President Ma Ying-jeou (馬英九), who has expressed in public many times his wish to meet Chinese President Xi Jinping (習近平), finally saw his dream come true on Saturday in Singapore, where a beaming Ma exchanged a historic handshake with the Chinese leader before a phalanx of international media.
While the Ma-Xi meeting has Ma basking in the global limelight, Ma’s attendance at the summit brought no benefits for Taiwan or Taiwanese. As a matter of fact, the Ma-Xi meeting only ended up degrading Taiwan’s international standing by trapping it in China’s “one China” framework (一中框架).
There were apparent efforts to present the meeting venue as politically neutral — neither Republic of China (ROC) nor People’s Republic of China flags were displayed at the Shangri-La Hotel. However, Xi made up for this apparent lack of nationalism by clearly reiterating China’s unwavering commitment to the “one China” principle from the get-go.
China’s will to impose its sovereignty was clearly evident in Xi’s repeated statements that both sides of the Taiwan Strait “belong to the same ‘one China.’”
Ma failed to offer any opposition to this: Ma mentioned the so-called “1992 consensus” during their meeting, but only said that it was subject to the “one China” principle, neglecting to mention the “different interpretations” component.
The “1992 consensus” refers to a supposed understanding reached during the cross-strait talks in 1992 that both Taiwan and China acknowledge that there is “one China,” with each side having its own interpretation of what that means.

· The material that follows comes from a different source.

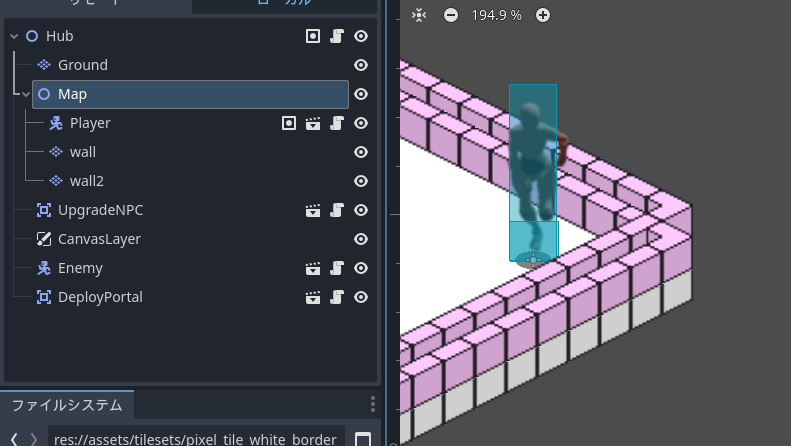 My scene setup is as follows: I have a parent 2D node, and its children are the Player and several TileMapLayer nodes (e.g., wall1, wall2).

For his part, Xi was unmistakably clear on China’s interpretation of the “understanding,” saying that “the importance of the ‘1992 consensus’ is that it reflects the ‘one China’ principle and clearly states that cross-strait relations are not ‘state-to-state’ relations involving ‘one China, one Taiwan.’”
“The peaceful development in cross-strait relations over the past seven years is predicated on both sides of the Taiwan Strait establishing a common political foundation for the upholding of the ‘1992 consensus’ and opposition to Taiwanese independence,” Xi said. “The forces seeking Taiwanese independence are the real threat to cross-strait peace and compatriots on both sides of the strait must unite and firmly oppose them.”
Xi also repeatedly said that “people on both sides of the Strait are Zhonghua minzu [Chinese ethnic group, 中華民族] and are all yan huang zisun [炎黃子孫 or descendants of emperors Yan and Huang], who should join hands to reinvigorate the Chinese [community].”
It is astonishing that Ma could sit through this type of rhetoric without voicing any objection to Xi’s statements, that marginalize the standing of the ROC and interfere with the Taiwanese right to self-determination.
In case Ma needs reminding, during his presidential campaign he told the public that “the future of Taiwan should of course be set by its 23 million people.”
However, on Saturday Ma played second fiddle to Xi, saying that the ROC Constitution does not allow “two Chinas, one China one Taiwan, nor Taiwanese independence.”
Ma added that he shares Xi’s view that it was mainly due to the “1992 consensus” that cross-strait relations have been able to “make tremendous progress over the past seven years,” and that he believed if any future president can promote the “1992 consensus” in the same way, “the ‘status quo’ will be maintained and continue to move forward.”
Having constructed his entire cross-strait policy on a fabricated consensus, Ma’s latest version of this mythic understanding not only places the ROC withing a “one China” framework conceived by Beijing, but is also an obvious attempt to limit the cross-strait options of Democratic Progressive Party (DPP) presidential candidate Tsai Ing-wen (蔡英文), should she win the presidential election in January.
Ma claims he is working to “improve cross-strait relations.” However, if this improvement brings about the loss of Taiwan’s right to self-determination then it is something Taiwanese must oppose.
What Ma trumpets as his cross-strait achievement in reaching a consensus with Xi on “upholding the ‘1992 consensus’” is at best a Pyrrhic victory for Taiwan and at worst a humiliating diplomatic defeat.
Ma might have satisfied his desire to salvage some sort of legacy by attaining a meeting with Xi; however, his success is a catastrophe for Taiwan, and his endorsement of Beijing’s “one China” was made without the consent of Taiwanese.